> To do: Leave out the pictures, and reproduce exactly the lines from the line containing "Some uncertainty exists" through the final line of the entries.

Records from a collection

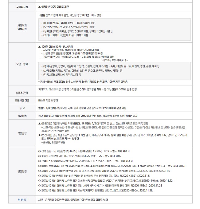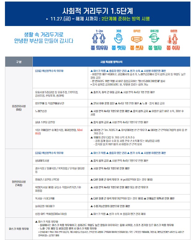 27일 0시부터 유흥시설, 노래연습장, 식당, 카페 등등 9종의 중점관리시설은 마스크 착용, 출입자명부 작성 등 핵심 방역 수칙 위반 시 윈스트 라이크 아웃제를 적용받는다고 합니다. 시험과 공무, 기업 필수 경영활동을 제외하고 100인 이상의 모임과 행사는 금지된다고 합니다.
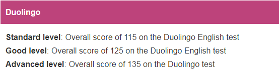 UCL認可的語言成績還包括多鄰國(DET)成績:
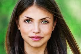 She is beautiful, has big green eyes, long straight hair, has a big mouth and a small nose. The picture according to the description is:
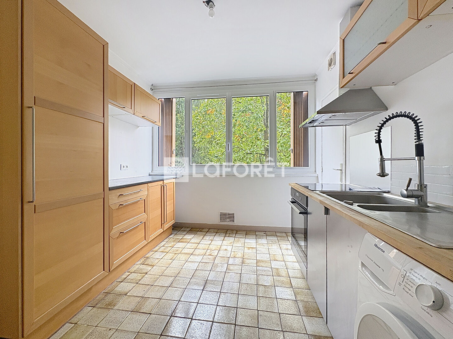 Appartement 3 pièces, situé au 2ème étage avec ascenseur, comprenant : un double séjour avec un grand balcon, deux chambres, une cuisine aménagée séparée avec un cellier, une salle de bains, et un WC séparé.
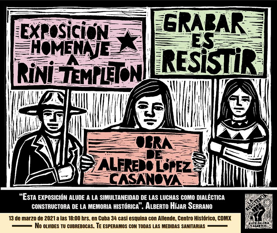 Así mismo, Grabar es resistir además es una exposición- homenaje permanente a Rini Templeton, que se inaugurará el 13 de marzo de 2021 a las 18 hrs en La Resistencia, Café-Galería, ubicada en Cuba 34 casi esquina con Allende Centro Histórico de la Ciudad de México. La muestra durará hasta el 13 de abril. Con esta exposición se arrancan la actividades de esta café-galería.
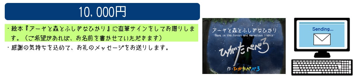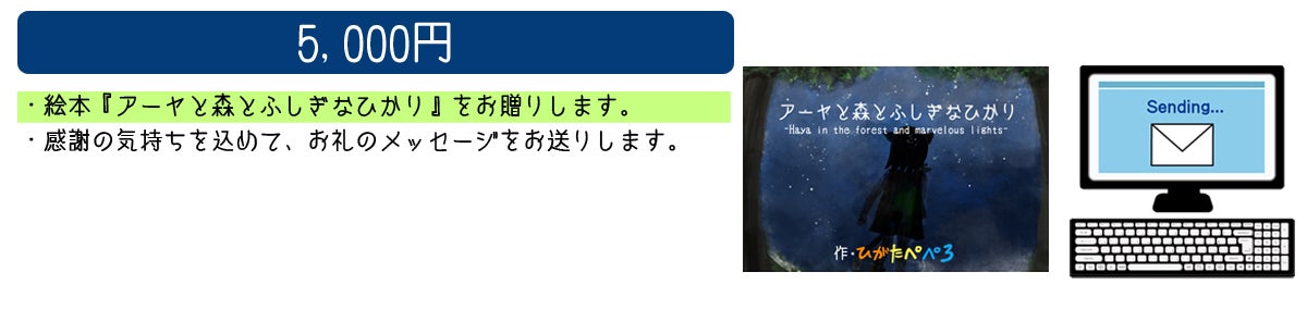 支援してくださった方々には、絵本『アーヤと森とふしぎなひかり』をお贈りさせて頂きます。
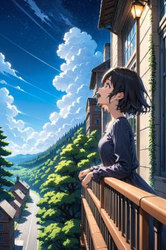 masterpiece, best quality, 1girl, solo, outdoors, scenery, black hair, blue sky, building, cloud, day, forest, flying, from side, lamppost, nature, night, open mouth, profile, railing, short hair, sky, star \(sky\), starry sky, sunlight, tree
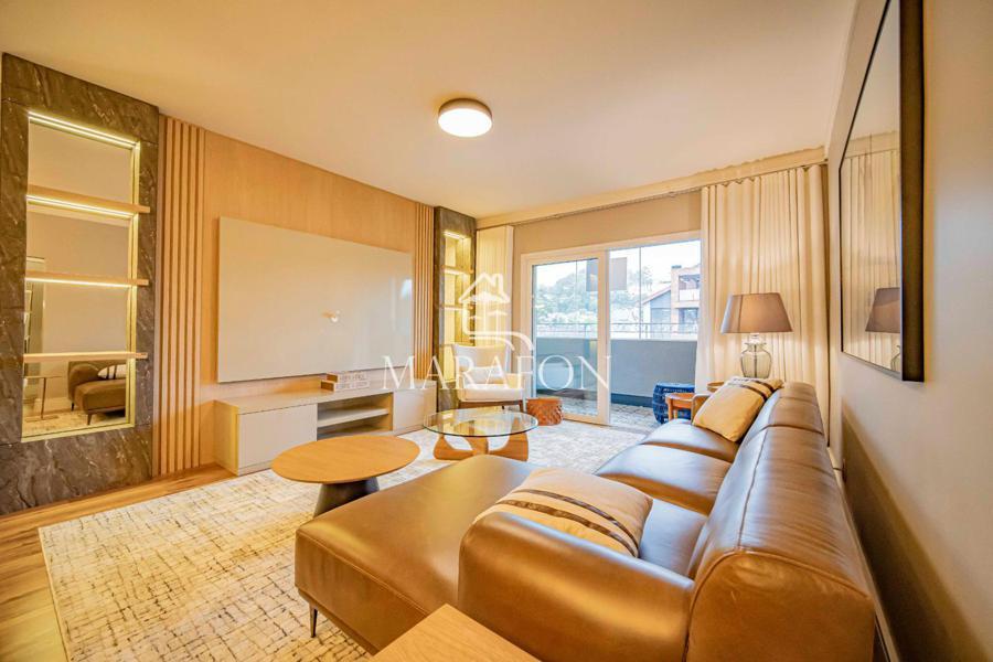 Ótimo apartamento à venda em Gramado, Todo mobiliado e decorado com três suítes, living dois ambientes com sacada, lavabo, escritório, cozinha americana com churrasqueira, duas vagas de garagem, esperas para calefação e splits, piso laminado nos dormitórios, piso porcelanato, esquadrias em PVC com vidros duplos, acabamentos em gesso, edifício com elevador e zelador.
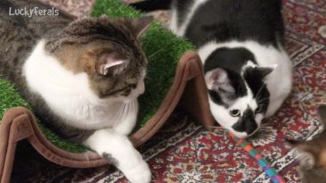 Splash and Simba are both beautiful cats. Although Hydrox is now brave enough to come to the back door, he has no desire to come into the house. He runs away when the...
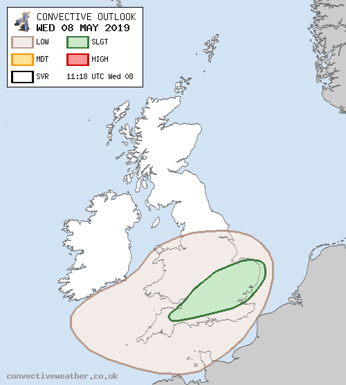Some uncertainty exists over the potential for more cloud and showery outbreaks of rain that could develop over SW England during the afternoon hours, associated with an area of low pressure running eastwards nearby (over the western English Channel). NWP guidance differs in its handling of this feature, and if this cloud/rain does push into SW England (and further east later in the afternoon) then this may reduce the overall thunderstorm potential, especially in the southern portion of the SLGT. Meanwhile the far north of the SLGT area (i.e. Lincolnshire) is subject to slow cloud clearance following morning rain - some model guidance restricts instability to The Wash southwards.
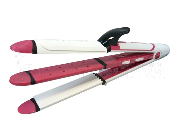 3 в 1: плойка, гофре, выпрямитель Напряжение питания 220В Потребляемая мощность 35Вт Максимальная температура рабочей поверхности 220 град.С Вращающийся шнур Ненагревающийся наконечник. Диаметр щипцов 25мм Длина 26см Инструкция на английском

> Answer to this exercise:
Some uncertainty exists over the potential for more cloud and showery outbreaks of rain that could develop over SW England during the afternoon hours, associated with an area of low pressure running eastwards nearby (over the western English Channel). NWP guidance differs in its handling of this feature, and if this cloud/rain does push into SW England (and further east later in the afternoon) then this may reduce the overall thunderstorm potential, especially in the southern portion of the SLGT. Meanwhile the far north of the SLGT area (i.e. Lincolnshire) is subject to slow cloud clearance following morning rain - some model guidance restricts instability to The Wash southwards.
 3 в 1: плойка, гофре, выпрямитель Напряжение питания 220В Потребляемая мощность 35Вт Максимальная температура рабочей поверхности 220 град.С Вращающийся шнур Ненагревающийся наконечник. Диаметр щипцов 25мм Длина 26см Инструкция на английском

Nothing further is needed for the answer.